Despite the inverted commas, I think we're supposed to agree that the Chapmans have improved these old pictures with their juvenile repainting. The text is pompous and ridiculous. And it shows a shallow grasp of art history in its implication that the Chapmans are the first artists to reflect on mortality - any guesses about what the skull in the portrait below might refer to?
Picture: Barber Insittute
Lowry was worse than I'd feared, and I was never much of a fan. I went straight to the end to see the large late pictures that critics had enthused over. Industrial Landscape 1955 (below) is described as "the most formal and geometric of the five panoramas, but in many ways the wildest and grimmest. The sky is a glacial tour de force." Really? The sky seemed to me an ugly, thickly-painted mess.

Picture: Tate
Far from the pinnacle of his art, I thought the large paintings made his inadequacies most obvious: his weak perspective (especially aerial perspective); undifferentiated application of paint that fails to convey variety of texture (compare his snow scenes to Monet's in the National Gallery) and weak composition (compare Bruegel's landscapes on a similar scale in Vienna, Prague and New York). 
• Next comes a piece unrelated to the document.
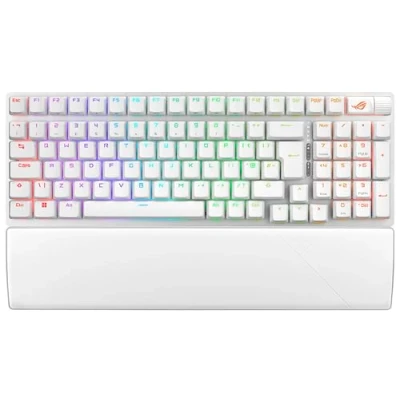 96 percent layout: Retains all function and number keys in a more compact and efficient layout that frees up desk space, with a form factor that is only 1 cm wider than a standard 80 percent keyboard Tri-mode connection: Connect using Bluetooth (up to three devices), 2.4 GHz with ROG SpeedNova wireless technology (up to 1500 hours of battery life) or wired USB Hot-swappable switches: Pre-lubed NX Snow linear switches with the walled stem design that enhances stability and prevents dust intrusion Sound-dampening foam with switch-dampening pads: Unique, integrated dampening foam with added switch-dampening pad structure absorbs pinging noises and echoes for improved keystroke acoustics Enhanced typing experience: Pre-lubed keyboard stabilizers produce less friction for smoother keystrokes and stability for longer keys; durable ROG PBT doubleshot keycaps or UV-coated ABS keycaps offer a premium feel and shine resistance Hotkeys: F1–F5 keys are pre-programmed as hotkeys for Xbox Game Bar and recording

Brian Sewell's short review is more insightful than the whole catalogue plus wall text. Neither Lowry's pictures nor his biography can sustain the weight of interpretation offered by some critics. John Berger's claim that this parochial tory was criticising imperialism is ludicrous, and the Berger quotation in the wall text is itself anachronistic (implicitly referring to the Gallagher-Robinson thesis then in vogue). 

For all that, I still have a soft spot for some of Lowry's smaller, wittier pictures. They're not high art, but shorn of the professors' pomposity they can be enjoyed as folksy souvenirs of Britain's industrial past.